You looked at her body, tan and wiry, at her eyes, deep blue and honest, and you knew she did. People kept asking how she had the stomach to stay there, on the 45-acre ranch overlooking the lake and the dock. She kept asking, How could I not? You could smell Laurie and Tim's dream, just driving up the dirt road to their house. Fresh-painted horse fence. New cedar barn. New cedar house. Baby oaks. Runt magnolias. Lacy grass. Three little children. A dream all planted and spindly and ready to grow.
Every off-season Sunday morning for three years Laurie and Tim had done the same thing. Pulled the classified ads section out of the newspaper, circled every property that sounded faintly like their dream, eaten a big, greasy country breakfast and spent all day searching. It had to be a place where Laurie could raise horses and Tim could fish bass. Where two grown-up Florida country kids could walk dirt and raise kids. "A safe place," Tim kept saying. Not like Los Angeles, where he had pitched the last six years. Where kids drove Porsches, kids did crack, kids died. It had to be a place to build a family.
They found it one day. They worked on it for more than a year. They moved in in February. A month later Tim was dead. Now Laurie was going to live the dream for them both.

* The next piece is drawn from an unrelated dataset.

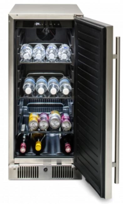 This Blaze 15” Outdoor Refrigerator features a slim design for small spaces and lends a sleek look no matter the setting. Despite its space-saving design, this low-profile fridge can still hold up to 74 cans of your favorite beverages! White LED lighting, meanwhile, ensures you can find your favorite drinks, day or night. To top it all off, the unit’s heavy-duty, 304-grade stainless steel construction and 1-year limited warranty give you confidence in your new outdoor appliance.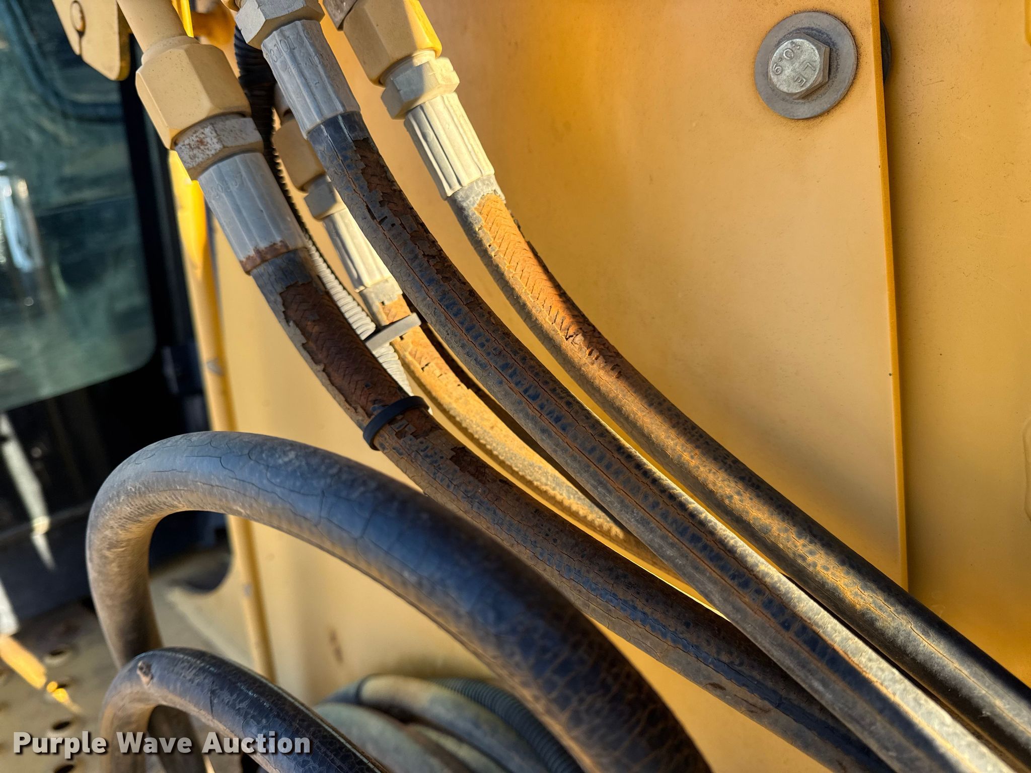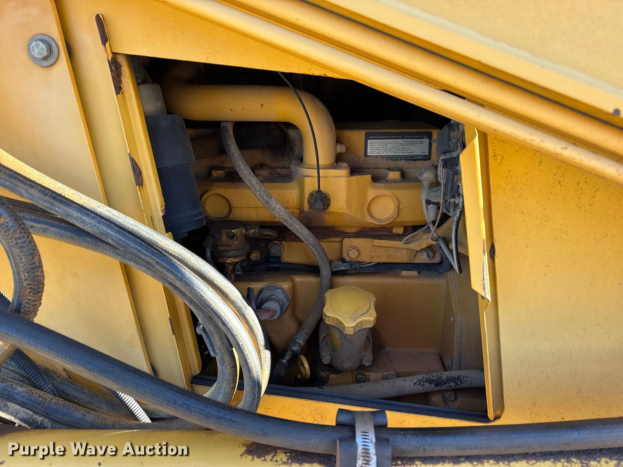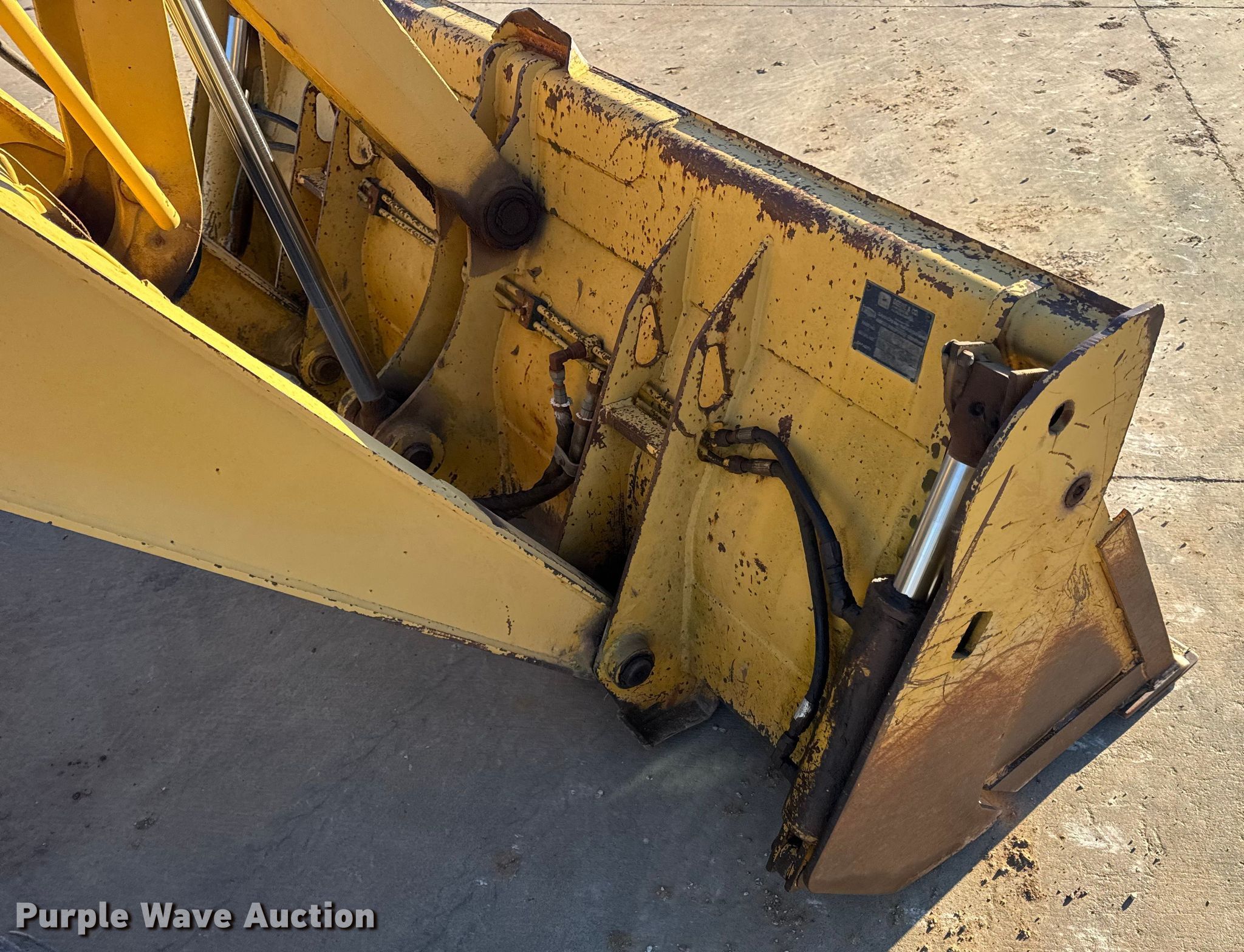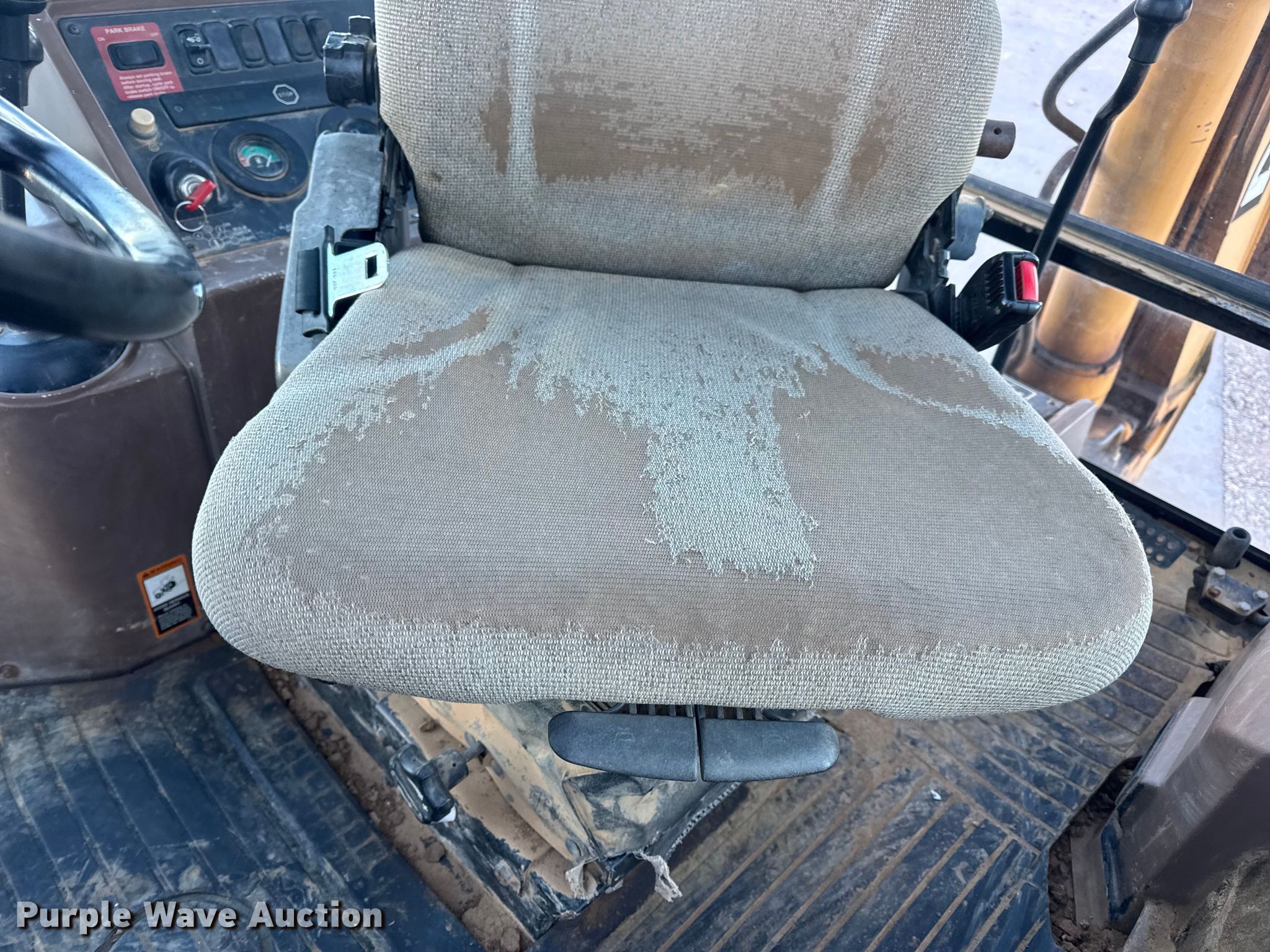 1999 John Deere 310SE backhoe. Hours: 10,767 on meter, Serial: T0310SE880144. Engine John Deere 4045TT050, Displacement: 4.5L, Cylinders: 4, Fuel type: Diesel. Transmission Shuttle shift. Chassis Four wheel drive, Differential lock. Operators station Enclosed cab, AC, Heat, Backhoe controls: Wobble stick / two stick. Features Loader Bucket John Deere AT175047, Four-in-one, Width: 92", Cutting edge: Bolt-on, Backhoe Extendable stick, Bucket Width: 24", Cutting edge: Weld-on, Teeth: 5.. Tires Front: 12.5/80-16, Rear: 19.5L-24. Notes Hydraulic leak, Tires damaged, weather cracking, Front right tire low pressure. LINN State Technical College. Linn, MO 65051

This is what you do with pain. You take it by the scruff of the neck, slap it around and put it to work. More horse fencing to go up. More tomatoes and cucumbers to be picked. More grass and shrubs to be planted. More quarter horses to be bought, sold, fed, hosed, trained. More pets to be taken to the vet. More homework to be done with the kids. More hugs to be given out. It's not healthy to be depressed, she would say, so I won't be depressed. A million people called her each day, but all they ever seemed to get was the answering machine: Hi, it's Laurie. I'm doin' fine. Busy as ever....
She would come back to the house at the end of the day, exhausted, her eyes seeing Tim's maroon-and-silver Ramcharger in the driveway and shooting the words to her brain before she could stop them: He's home! She would lie in her bed at night, the three kids at crazy angles, lie there smelling their skin and their breath. Tricia, the nine-year-old, refusing to talk about it. Shawn, the five-year-old, saying, "Don't worry, Mommy. Don't cry. He'll never be away. He'll always be in your heart." Travis, the three-year-old, telling people, "My daddy's in church. He'll come out when he's done playing baseball with God."
Sometimes Laurie ached so bad to hold Tim that she would go to the closet and smell his clothes. Other times she went into the shower, let the warm water wash away her resolve, just let it all go, and go, and go....
Midnight. Phone ringing. "Bobby? You're not working out yet, are you? Look, I'm gonna hang up this telephone and get on a plane and come out there and train with you if you don't get goin'. You're gonna hate yourself one day if you don't come back. No more pity parties. I'll kick your butt. I mean it."
She couldn't quite put into words why it meant so much to her and Patti Olin, to Tim's parents, to everyone, that Bobby come back. It was almost too big, too genetic. Laurie was the daughter of Dutch parents born in Indonesia, both held for years by the Japanese in a prisoner-of-war camp, both hungry at the end of it all for America. Laurie's father had taken migrant farm work in Florida, anything to survive, earned an engineering degree, carved out a good life. That's what everybody had come for, he figured, to a land full of the children and grandchildren of people who left their families and hometowns behind rather than surrender to circumstance, obey fate. A land full of people who kept turning to sports, to see Bo Jackson dragging his artificial hip back to the plate, Jimmy Valvano dragging his cancer-racked spine back to the microphone, to see men and women overcoming injuries, odds and setbacks, athletes reenacting the national allegory, reconfirming it, taking charge. So where was Bobby in April when Laurie flew to Los Angeles to see the Dodgers' home opener and to visit him at his house in nearby Upland? Bobby's wife, Ellen, shook her head. No Bobby. No trace. Gone.
Two a.m. Phone ringing. It was Patti. Thank god for Patti. Somebody Laurie could tell that she had dropped from a size 9 to a size 4, that her stomach was burning like a furnace, without feeling as if she were asking for a pity party. Some-body she had never even met before that afternoon. The only person on earth who understood. "What time is it, Patti?"
"It's late.... Sorry.... You said if I was going through a bad time to call you no matter what hour."